2.5. Derivation of the Gear Churning Loss
The measured loss torque consists of no-load losses from the gear pair, the bearings and the seal in the test gearbox. In order to derive the hydraulic losses of the gears, two different test runs are conducted. The first test run is performed under dip-lubrication, whereas the second test run is performed after draining the oil from the test gearbox. As for the considered oil fill level (Table 3) the bearings and seal do not dip into the oil sump, their lubrication conditions are expected to be very comparable for both test runs. The hydraulic losses of the gear pair are determined by subtraction of the measured loss torques obtained from the first and second test runs. The hydraulic losses of the gear pair consist of the churning and the squeezing losses. As the squeezing loss can be, according to Mauz [2], neglected for the considered direction of rotation, the difference between the first and second test runs is interpreted as the churning loss of the gear pair.

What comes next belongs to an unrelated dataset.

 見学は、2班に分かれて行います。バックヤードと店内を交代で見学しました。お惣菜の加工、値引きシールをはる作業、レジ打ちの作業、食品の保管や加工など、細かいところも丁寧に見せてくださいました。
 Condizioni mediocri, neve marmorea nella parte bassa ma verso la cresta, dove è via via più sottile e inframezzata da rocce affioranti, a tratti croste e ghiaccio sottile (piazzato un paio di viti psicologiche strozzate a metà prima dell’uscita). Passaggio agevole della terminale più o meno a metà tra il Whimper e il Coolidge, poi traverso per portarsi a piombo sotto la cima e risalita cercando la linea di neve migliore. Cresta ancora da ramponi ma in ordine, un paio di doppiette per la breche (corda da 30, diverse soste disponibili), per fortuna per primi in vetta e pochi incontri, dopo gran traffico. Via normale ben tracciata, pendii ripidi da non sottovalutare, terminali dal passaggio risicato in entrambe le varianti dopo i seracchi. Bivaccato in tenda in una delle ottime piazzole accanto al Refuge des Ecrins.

This procedure is expected to be more accurate than deriving the no-load gear loss by subtracting the calculated bearing and seal losses from the total loss torque as applied by the authors in [5,20]. Note that the gear drag torque is measured equally for the first and second test run and, hence, it is cancelled out.
3. Numerical Model
The numerical model is implemented and solved in the commercial CFD software Ansys Fluent 18.0 (ANSYS, Inc., Canonsburg, PA, USA). As the model is a continuing work of Liu et al. [5], only the main physical and numerical characteristics and advancements are described.
3.1. Governing Equations
The governing equations consist of the conservation of mass, momentum and energy according to the Navier–Stokes equations. The energy conservation is not considered, as thermal influences can be neglected for no-load operating conditions.

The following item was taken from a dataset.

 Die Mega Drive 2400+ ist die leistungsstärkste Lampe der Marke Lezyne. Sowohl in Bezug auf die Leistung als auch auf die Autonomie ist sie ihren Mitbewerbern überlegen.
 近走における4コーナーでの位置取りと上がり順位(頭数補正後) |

During calculation, the conservation equations are solved on the finite volumes of the mesh model. In order to resolve the oil flow and the related flow properties, the grid size has to be in the same magnitude as the diameter of the oil droplets. When the rotational speed rises, the whole gearbox is filled with small oil droplets, which means that an extremely fine mesh has to be applied in order to resolve every single whirl. In this way, the computation time of turbulence flows can reach unacceptably high values as the number of equations rises cubically with the number of finite volumes.
To overcome this, turbulence models are introduced. These models do not resolve every single whirl, so a coarser mesh can be used, which requires much less computation time. In these equations, the fluid flow quantities in the conservation equations are separated into a time-weighted average term and an oscillating term. The oscillating term is determined by transport equations, so that the averaged Navier–Stokes equations can be written in closed form. In this study, a k-ε model consisting of two coupled transport equations is used.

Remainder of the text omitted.